Our expertise: The pioneering work of our team has shown how these proximal solvers can be used to tackle the dynamical optimal transport problem  [60], see also  [158]. We have also recently developed new proximal schemes that can cope with non-smooth composite objectives functions  [168].

Goals: We aim at extending these solvers to a wider class of variational problems, most notably optimization under divergence constraints  [62]. Another subject we are investigating is the extension of these solvers to both non-smooth and non-convex objective functionals, which are mandatory to handle more general transportation problems and novel imaging regularization penalties.
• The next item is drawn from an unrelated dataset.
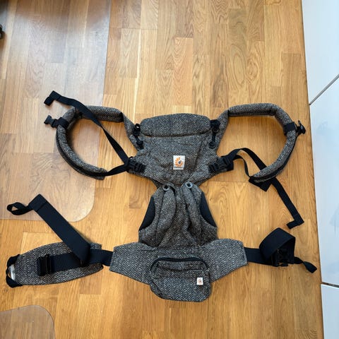 Ergobaby Omni 360 bärsele och ringsjal för bärande av barn. Bärselen är i grön textil med justerbara remmar och midjebälte. Den har flera spännen för säker fastsättning och en liten avtagbar förvaringsficka framtill. Ringsjalen är från Yaro slings i beige tyg och kan användas för att bära barnet nära kroppen. Båda produkterna är avsedda för bärande av spädbarn och småbarn, med möjlighet att anpassa passformen efter bärarens kropp. Man får bärsjalen på köpet av bärselen.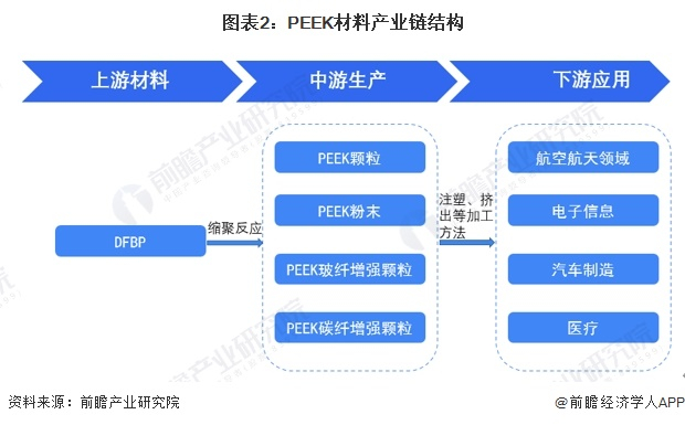 在产业链方面,PEEK材料产业上游原材料主要为DFBP,它是生产PEEK的关键原料。按照化学反应原理及行业生产经验计算,每生产1吨PEEK需要消耗约0.8吨DFBP单体。中游环节则涵盖了PEEK颗粒、PEEK粉末、PEEK增强颗粒等多种形式的PEEK材料制造。由于PEEK具有强度大和重量轻的特点,其下游应用主要集中在航空航天、电子信息、汽车制造、医疗等对轻量化要求较高的领域。

Figure 9. Example of barycenter between shapes computed using optimal transport barycenters of the uniform densities inside the 3 extremal shapes, computed as detailed in  [176]. Note that the barycenters are not in general uniform distributions, and we display them as the surface defined by a suitable level-set of the density.
IMG/triangleinterp.png
Bregman proximal methods.

(Participants: G. Peyré G. Carlier, L. Nenna, J-D. Benamou, L. Nenna, Marco Cuturi (Kyoto Univ.)) The entropic regularization of the Kantorovich linear program for OT has been shown to be surprisingly simple and efficient, in particular for applications in machine learning  [118]. As shown in  [64], this is a special instance of the general method of Bregman iterations, which is also a particular instance of first order proximal schemes according to the Kullback-Leibler divergence.
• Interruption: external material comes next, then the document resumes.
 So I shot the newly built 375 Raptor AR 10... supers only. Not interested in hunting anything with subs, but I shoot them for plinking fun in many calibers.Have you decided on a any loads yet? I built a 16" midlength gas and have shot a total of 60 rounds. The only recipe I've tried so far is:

Our expertise: We have recently  [64] shown how Bregman projections  [80] and Dykstra algorithm  [56] offer a generic optimization framework to solve a variety of generalized OT problems. Carlier and Dupuis  [101] have designed a new method based on alternate Dykstra projections and applied it to the principal-agent problem in microeconomics. We have applied this method in computer graphics in a paper accepted in SIGGRAPH 2015  [176]. Figure 9 shows the potential of our approach to handle giga-voxel datasets: the input volumetric densities are discretized on a 1003 computational grid.

Goals: Following some recent works (see in particular  [110]) we first aim at studying primal-dual optimization schemes according to Bregman divergences (that would go much beyond gradient descent and iterative projections), in order to offer a versatile and very effective framework to solve variational problems involving OT terms. We then also aim at extending the scope of usage of this method to applications in quantum mechanics (Density Functional Theory, see  [114]) and fluid dynamics (Brenier's weak solutions of the incompressible Euler equation, see  [81]). The computational challenge is that realistic physical examples are of a huge size not only because of the space discretization of one marginal but also because of the large number of marginals involved (for incompressible Euler the number of marginals equals the number of time steps).